Illustrate equation solving by taping over the number indicating the weight on one of the pieces. Encourage the student to find the unknown weight by subtracting equal amounts of weight from both pans of the balance scale until he finds the weight of the unknown piece.
This emphasizes that algebra enables people to find an unknown value by working with values that are known. It also reinforces the idea that, if operations are performed on one side of an equation, they must be performed on the other side also.
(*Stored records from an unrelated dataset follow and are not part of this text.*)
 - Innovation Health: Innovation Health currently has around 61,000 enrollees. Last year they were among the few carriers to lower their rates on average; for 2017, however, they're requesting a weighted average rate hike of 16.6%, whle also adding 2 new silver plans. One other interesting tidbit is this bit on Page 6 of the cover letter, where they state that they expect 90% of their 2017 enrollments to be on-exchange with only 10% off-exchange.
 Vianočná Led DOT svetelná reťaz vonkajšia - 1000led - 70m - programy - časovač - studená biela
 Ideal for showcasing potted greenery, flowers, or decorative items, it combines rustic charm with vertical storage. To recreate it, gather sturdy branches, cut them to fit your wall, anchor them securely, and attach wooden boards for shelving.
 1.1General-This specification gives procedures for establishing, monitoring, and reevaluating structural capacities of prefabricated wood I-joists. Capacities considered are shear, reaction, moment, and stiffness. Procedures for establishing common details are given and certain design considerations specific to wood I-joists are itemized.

Learning abstract concepts is frequently easier when those concepts can be introduced using concrete knowledge the student already has. When solving money problems, for example, place a combination of coins on the table and ask him how much money is there. Suppose he has five quarters, seven dimes and nine nickels. Help him understand that the total amount of money = amount of money in quarters + amount of money in dimes + amount of money in nickels. Furthermore, the amount of money in quarters is equal to (value of each quarter) x (number of quarters). In this example, it is 25 x 5 = 1.25. Similar logic applies for the dimes and nickels. It is easy to set up an equation using q for the number of quarters, d for the number of dimes and n for the number of nickels. As an equation, the total amount of money = 25q + 10d + 5n. In this way, he has made the transition between a concrete amount of money and an algebraic way of representing that amount.
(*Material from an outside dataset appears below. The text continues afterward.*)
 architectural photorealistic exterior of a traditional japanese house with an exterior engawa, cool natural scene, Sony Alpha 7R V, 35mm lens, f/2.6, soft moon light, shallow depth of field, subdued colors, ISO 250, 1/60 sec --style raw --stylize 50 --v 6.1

Learning algebra requires making a transition from the printed word to graphs and diagrams. Many students, particularly if their spatial skills are weak, find this difficult. To help a student struggling with plotting points, teach the method, rehearsing it as often as necessary. To plot ordered pairs in which the first number represents an x-coordinate and the second number represents a y-coordinate, tell the student to place her pencil on the origin, the place where the x- and y-axes meet. She should move her pencil horizontally to find the x-coordinate and vertically to find the y-coordinate. If the point is, for example, (- 2, 5), she should move her pencil two units to the left, which is the negative direction on the x-axis, and five units up. After she has moved over and up, she should pencil in a dot. If she wants to plot the point (0, - 2) she should not move her pencil horizontally at all because the x-coordinate is 0, but she should move down two units. Note that when the x-coordinate of an ordered pair is 0, the point will fall on the y-axis. If the y-coordinate is 0, the point will lie on the x-axis.
Check the Internet for sites dedicated to teaching mathematics. Several have good instructional videos and video games that reinforce graphing skills.
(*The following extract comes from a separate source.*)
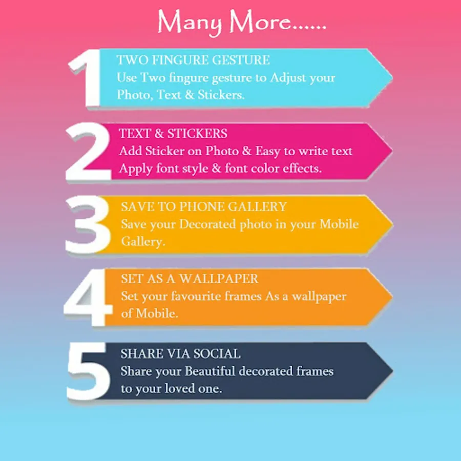 ✔ Select your favorite frame from the collection and set your photo with the frame. Two Finger Gestures available to adjust your photo in the frame.
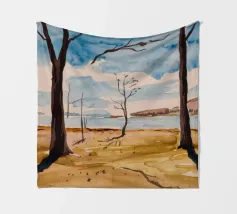 A minimalist, moody landscape where the stark, bare trees of winter are reflected perfectly in the still water of a marsh or lake, creating a symmetrical, melancholic scene.

If your child knows even a few words in a foreign language, she already understands the idea of translation. Tell her that mathematics is a language and that you have to learn new ways of expressing things using algebraic notation. Ask her how she would learn new vocabulary in a foreign language. She will probably be familiar with the idea of flashcards. You can make flashcards and review them together. Some examples are "the sum of a number and 4" is x + 4 in algebraic notation. "The product of a number and 13" is 12x. Pay particular attention to expressions involving subtraction because, very often, the order of the expressions in algebraic notation is the opposite of the order in English. The expression "5 less than a number" is "x - 5" in algebraic notation and "13 subtracted from a number" is "x - 13."